__What to do__
From start to end, write out the following data exactly, apart from its images.

__Information supplied__

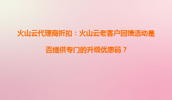 2025-10-20火山云代理商折扣:邀请新用户享多重激励 作为火山云代理商,邀请新用户注册使用不仅能享受官方提供的阶梯式折扣政策,还能参与高额返佣活动。例如,当成功邀请企业级客户完成首单后,代理商可获得最高15%的现金返利...
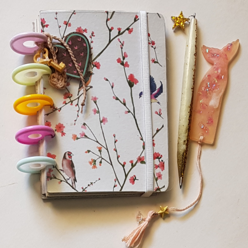 Cuaderno 60 hojas A6,sistema de discos, pueden ser con mix de hojas punteadas, lisas y rayadas o en presentación de 1 solo tipo de hoja. Los accesorios de resina birome y marcapaginas) son a modo de decoración y disponibles aparte.
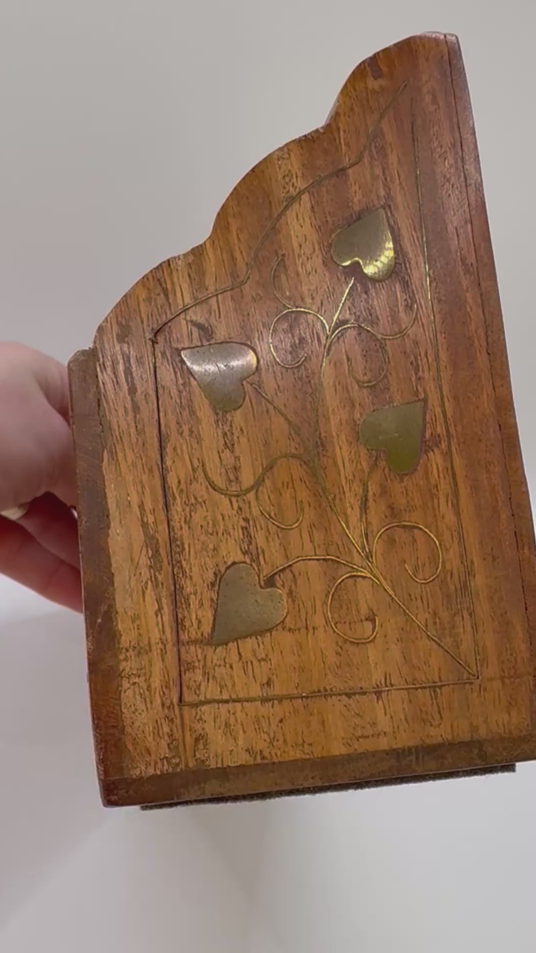 Vintage Wooden Letter Rack Brass Inlay Leaf Letter Stationery Paper
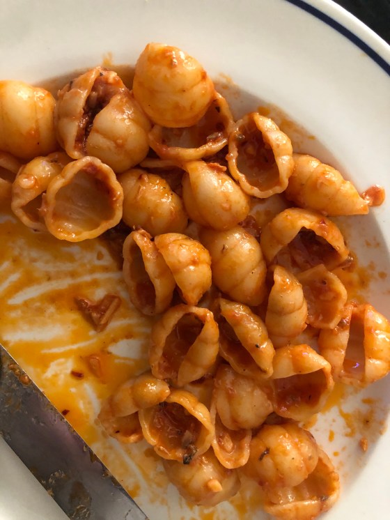 10 minute pasta (anchovy, garlic, tomato paste, olive oil and pasta water emulsion)

__Output for this exercise__
 2025-10-20火山云代理商折扣:邀请新用户享多重激励 作为火山云代理商,邀请新用户注册使用不仅能享受官方提供的阶梯式折扣政策,还能参与高额返佣活动。例如,当成功邀请企业级客户完成首单后,代理商可获得最高15%的现金返利...
 Cuaderno 60 hojas A6,sistema de discos, pueden ser con mix de hojas punteadas, lisas y rayadas o en presentación de 1 solo tipo de hoja. Los accesorios de resina birome y marcapaginas) son a modo de decoración y disponibles aparte.
 Vintage Wooden Letter Rack Brass Inlay Leaf Letter Stationery Paper
 10 minute pasta (anchovy, garlic, tomato paste, olive oil and pasta water emulsion)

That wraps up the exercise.